If anyone's interested in what I'm doing with this, you can see it
in action here:
http://bleu.west.spy.net/~dustin/geo/pointinfoform.jsp
I've loaded about 60k polygons (consisting of a total of about
seven million points) describing the shape of various geographical areas
in the United States. I've got a table with the descriptions of the
polygons and box boundaries, then another table with the actual ordered
polygon data. I do a box match on the first table to get a list of
candidates, then examine them all in more detail with a point-in-polygon
algorithm in my application. It's currently pretty slow because I'm don't
actually have a box column on my first table, just the boundaries, which I
cast to a box and use point @ box(point(),point()) with a table scan.

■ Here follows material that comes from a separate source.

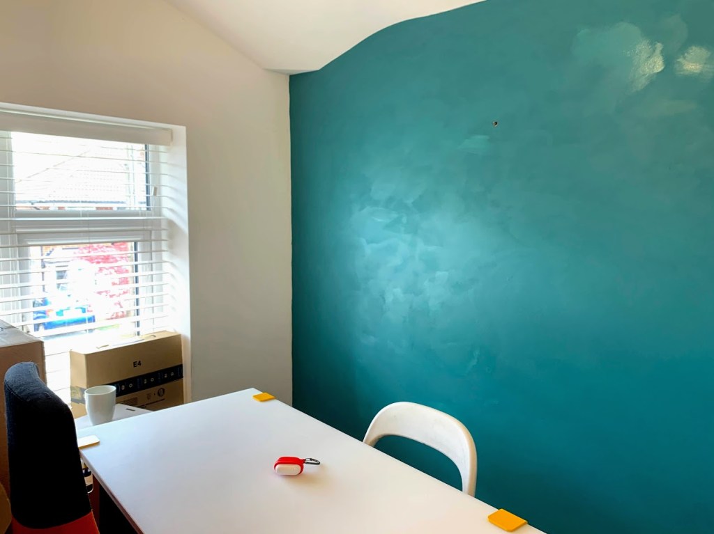 Toen we het huis kochten, vond ik het een beetje grijs. Terwijl ik mijn studio aan het organiseren was, dacht ik dat ik mijn studio zou moeten decoreren. Van grijs in de ochtend tot groenblauw in de middag. Ik denk het is nu veel mooier! Wat denk jij?
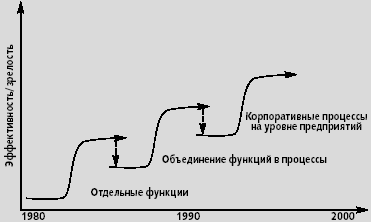 Для того чтобы найти пути к преодолению этой раздробленности, необходимо, прежде всего, оценить происходящее. За последние двадцать лет автоматизация бизнеса и соответственно ИТ прошли три основных этапа, на каждом из них степень интеграции повышалась, первый — автоматизация отдельных функций, второй — автоматизация процессов, третий — автоматизация предприятия в целом. Для иллюстрации этой динамики иногда используют так называемые S-кривые (рис. 2), где каждая из «S» отражает развитие на этапе, а все вместе — глобальную тенденцию. Средства управления ИТ с неизбежностью должны развиваться, повторяя в точности эти траектории (рис. 3). В конечном счете, основные составляющие управления ИТ должны слиться в единую корпоративную систему управления ИТ-средствами (IT Enterprise Management).

It
looks like, when the index works, it'll be as fast as it was when I had
very little data in the tables again. :)
Thanks for the help!
--
SPY My girlfriend asked me which one I like better.
pub 1024/3CAE01D5 1994/11/03 Dustin Sallings <dustin@spy.net>
| Key fingerprint = 87 02 57 08 02 D0 DA D6 C8 0F 3E 65 51 98 D8 BE
L_______________________ I hope the answer won't upset her. ____________
Dustin Sallings <dustin+postgres@spy.net> writes:
> create function box(point) returns box as
> 'select box($1, $1)'
> language 'sql';
> misc=# explain select * from tmp where box(point(-121, 37)) @ b;
> NOTICE: QUERY PLAN:
> Seq Scan on tmp (cost=0.00..2653.01 rows=61 width=92)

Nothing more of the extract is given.